Janus is used inside Jitsi Meet as an SFU (Jicofo), in several telehealth platforms, and in live-streaming services. Its advantage over mediasoup is being a ready-to-run server with no code to write. The downside is that it is less flexible for custom logic. Jitsi Meet (15M+ MAU) is migrating away from Janus to its own SFU (Jitsi Videobridge) written in Java for better scaling.
A startup is building a video chat for 50M potential users. What should they pick: mediasoup or Janus?
Scaling SFUs
A single SFU server is limited by CPU and bandwidth. For thousands of concurrent rooms you need clustering: stateful routing (a room is pinned to a specific SFU node), cascade SFUs (SFUs interconnected), or geographic distribution (CDN-style).
LiveKit (open-source, deploys on AWS/GCP) uses a distributed SFU: rooms can migrate between nodes, NATS.io handles inter-node communication. Zoom builds a geo-distributed SFU with cascade: participants from different regions meet via a cascaded stream between data centers. Agora's global SD-RTN network has 200+ PoPs with SFU nodes and automatic selection of the nearest one.
SFUs scale infinitely - just add more servers and everything works
An SFU requires stateful routing: a room is pinned to a specific node. Horizontal scaling needs consistent hashing, cascade topology, or room migration. None of it is trivial.
Participants' media streams must meet on the same SFU node (or on connected ones via cascade). A naive round-robin load balancer puts Alice on SFU-1 and Bob on SFU-2, and they cannot reach each other's streams. You need coordination via Redis/NATS plus sticky routing.

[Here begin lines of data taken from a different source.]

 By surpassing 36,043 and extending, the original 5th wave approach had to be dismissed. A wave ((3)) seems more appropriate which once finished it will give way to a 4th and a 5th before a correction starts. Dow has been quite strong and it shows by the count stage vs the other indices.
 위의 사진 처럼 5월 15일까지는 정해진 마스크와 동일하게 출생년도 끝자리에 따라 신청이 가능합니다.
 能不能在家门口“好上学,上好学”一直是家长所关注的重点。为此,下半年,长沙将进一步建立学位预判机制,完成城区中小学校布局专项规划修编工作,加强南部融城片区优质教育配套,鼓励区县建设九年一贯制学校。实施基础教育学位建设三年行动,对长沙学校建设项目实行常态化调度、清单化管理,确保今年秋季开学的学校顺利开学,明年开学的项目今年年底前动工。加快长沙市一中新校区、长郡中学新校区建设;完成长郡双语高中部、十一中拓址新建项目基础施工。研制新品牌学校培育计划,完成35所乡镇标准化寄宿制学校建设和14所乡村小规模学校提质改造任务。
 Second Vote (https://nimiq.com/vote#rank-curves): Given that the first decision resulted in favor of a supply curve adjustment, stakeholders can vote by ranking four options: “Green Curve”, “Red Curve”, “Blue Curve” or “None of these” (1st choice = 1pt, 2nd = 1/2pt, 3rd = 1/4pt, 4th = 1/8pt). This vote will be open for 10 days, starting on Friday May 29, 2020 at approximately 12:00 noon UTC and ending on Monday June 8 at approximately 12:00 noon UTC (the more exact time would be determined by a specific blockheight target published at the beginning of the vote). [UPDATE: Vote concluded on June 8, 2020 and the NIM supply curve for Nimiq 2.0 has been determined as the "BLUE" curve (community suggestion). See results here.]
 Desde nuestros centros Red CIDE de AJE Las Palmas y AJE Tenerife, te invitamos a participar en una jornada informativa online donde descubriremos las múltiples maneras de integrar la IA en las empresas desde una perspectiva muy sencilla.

Google Meet supports 500 participants in a single meeting. Does the SFU have to decode video from all 500 to forward it?
Summary
- **SFU** forwards encoded RTP packets without decoding. A participant's upload is 1 stream regardless of how many peers are in the room. CPU load is O(streams), not O(pixels).
- **mediasoup** is an SFU library (C++ Workers + Node.js API). Maximum control over routing logic, simulcast, and SVC. Requires writing the SFU code.

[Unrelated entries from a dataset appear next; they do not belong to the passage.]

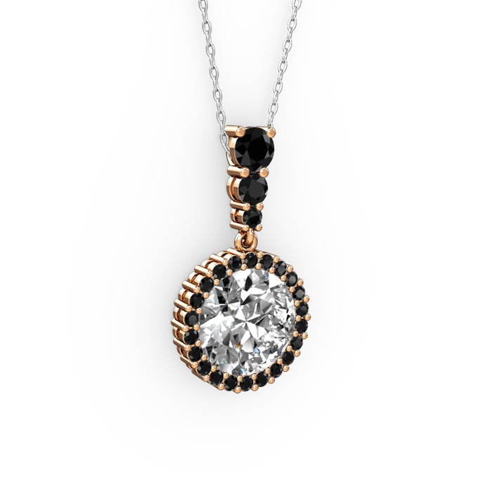 Beyaz zirkon ve siyah zirkon 8 ayar rose altın kolye (40 cm beyaz altın rolo zincir)
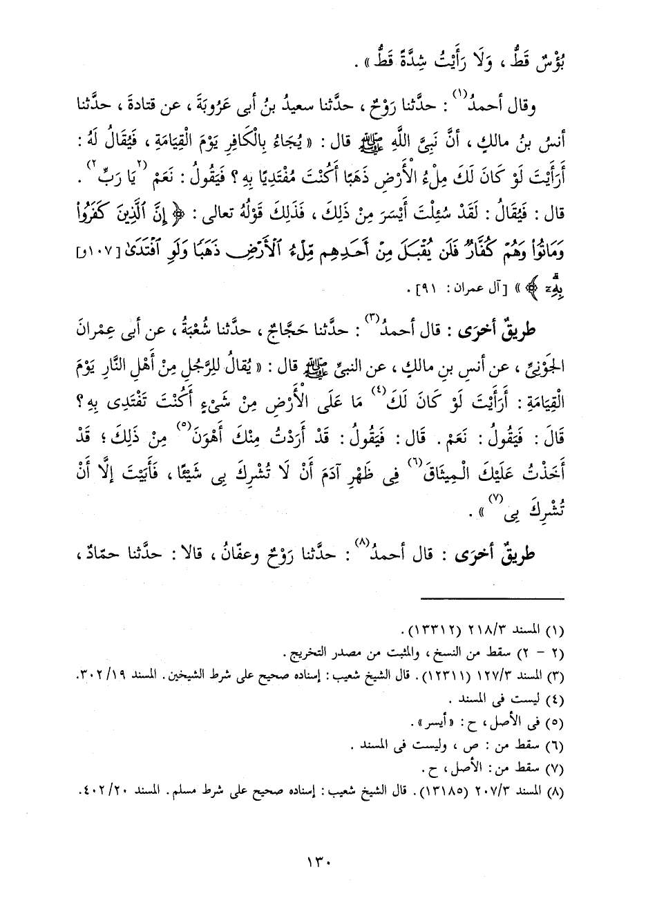 وَقَالَ أَحْمَدُ: حَدَّثَنَا رَوْحٌ، حَدَّثَنَا سَعِيدُ بْنُ أَبِي عَرُوبَةَ، عَنْ قَتَادَةَ، حَدَّثَنَا أَنَسُ بْنُ مَالِكٍ، أَنَّ نَبِيَّ اللَّهِ صَلَّى اللَّهُ عَلَيْهِ وَسَلَّمَ قَالَ: " «يُجَاءُ بِالْكَافِرِ يَوْمَ الْقِيَامَةِ، فَيُقَالُ لَهُ: أَرَأَيْتَ لَوْ كَانَ لَكَ مِلْءُ الْأَرْضِ ذَهَبَا أَكُنْتَ مُفْتَدِيًا بِهِ؟ فَيَقُولُ: نَعَمْ يَا رَبِّ. قَالَ: فَيُقَالُ: لَقَدْ سُئِلْتَ أَيْسَرَ مِنْ ذَلِكَ، فَذَلِكَ قَوْلُهُ تَعَالَى: {إِنَّ الَّذِينَ كَفَرُوا وَمَاتُوا وَهُمْ كُفَّارٌ فَلَنْ يُقْبَلَ مِنْ أَحَدِهِمْ مِلْءُ الْأَرْضِ ذَهَبًا وَلَوِ افْتَدَى بِهِ} [آل عمران: 91] » [آلِ عِمْرَانَ: 91] .
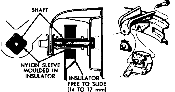The engine mounts incorporate slotted bolt holes to permit side-to-side positioning of the engine, thereby affecting length of driveshaft. To check driveshaft length proceed as follows.
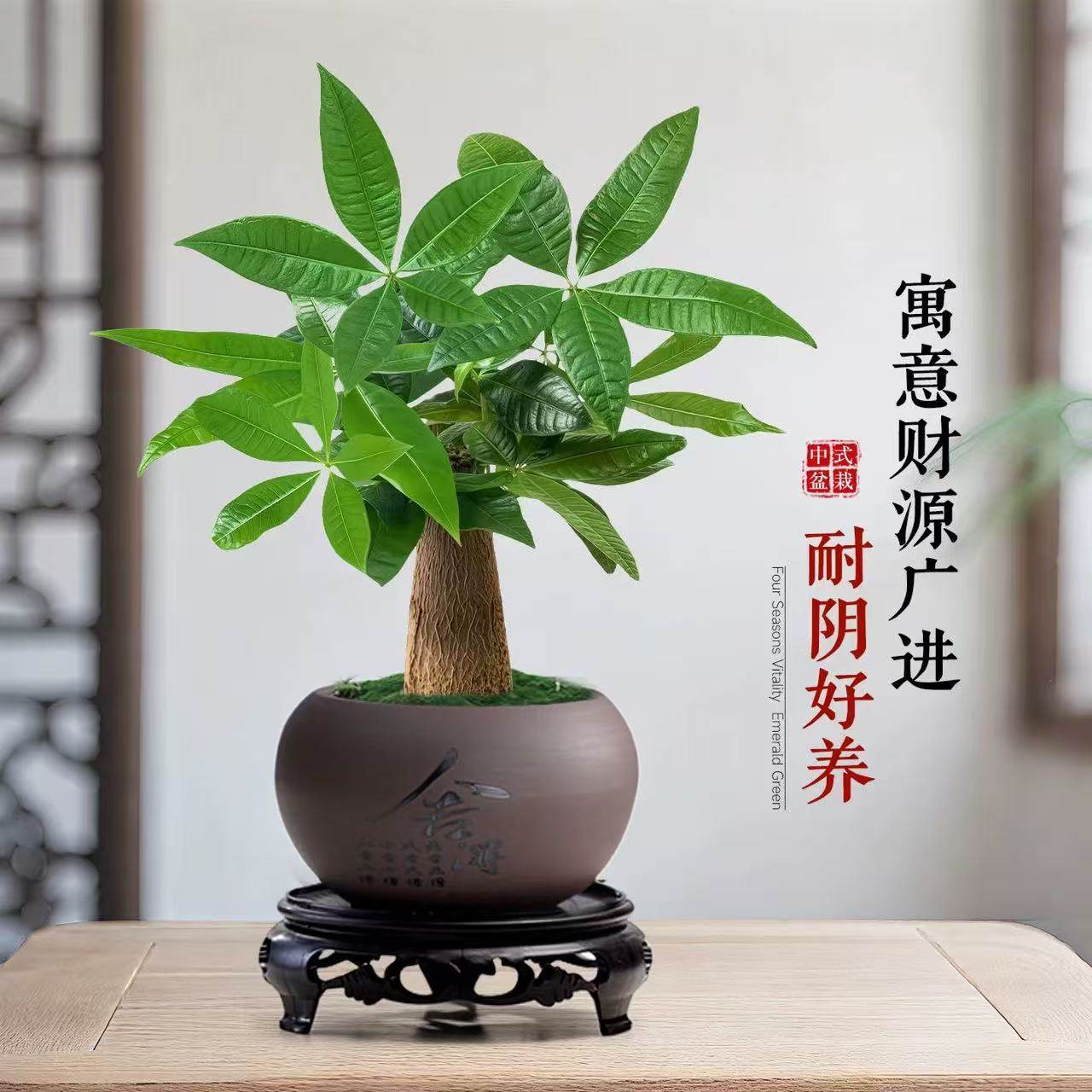 发财树绿植适合客厅室内办公室桌面四季好养旺宅植物吸甲醛小盆栽
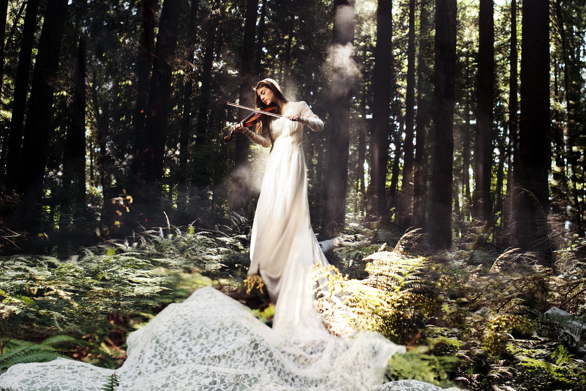 Mädchen mit einer Geige in einem weißen Kleid auf einem Waldhintergrund
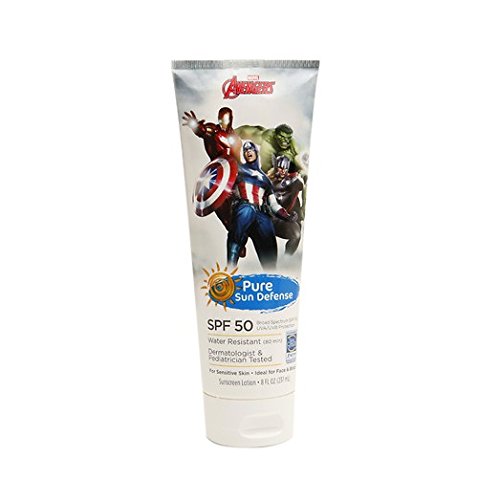 Sunscreen is better with friends. Pure Sun Defense has partnered with the world(')s largest movie studios to protect your children(')s skin while also bringing fun and engagement into the category. Pure Sun Defense Marvel Avengers Sunscreen Lotion is a dermatologist and pediatrician tested, fragrance-free, and hypoallergenic formula that is ideal for children(')s sensitive skin. With SPF 50, this moisturizing sunscreen lotion is water resistant for up to 80 minutes, providing broad spectrum UVA/UVB protection to help prevent sunburn.Feature

- **Janus Gateway** is a ready-made SFU server with plugins (VideoRoom, Streaming). Quick start, less flexibility for custom logic.
- **Scaling** requires stateful routing (consistent hashing by room_id) and cascade topology for cross-datacenter rooms.
Related Topics
An SFU is the centerpiece of group video calls. Understanding it requires familiarity with adjacent layers:
- MCU vs SFU vs Mesh — An SFU is one of three topologies; comparing them clarifies the trade-offs and when to pick each
- Media Streams — A MediaStream from getUserMedia is added via addTrack() and arrives at the SFU as a Producer; the SFU returns Consumers for other participants
- STUN and TURN — Every ICE connection between client and SFU requires STUN for discovery and TURN if the client is behind a symmetric NAT; the SFU itself acts as the public endpoint
Вопросы для размышления
- mediasoup spawns a Worker per CPU core. With 50 participants in a room and 8 Workers, how do you distribute Producers and Consumers to minimize cross-worker pipe transport?
- An SFU knows the bitrate of each Producer through RTCP. How can that knowledge be used to adapt video quality for a participant with a poor network without disrupting the others?
- How does a cascade SFU solve the problem of participants in different regions, and what additional latency does it add compared to Mesh P2P between nearby participants?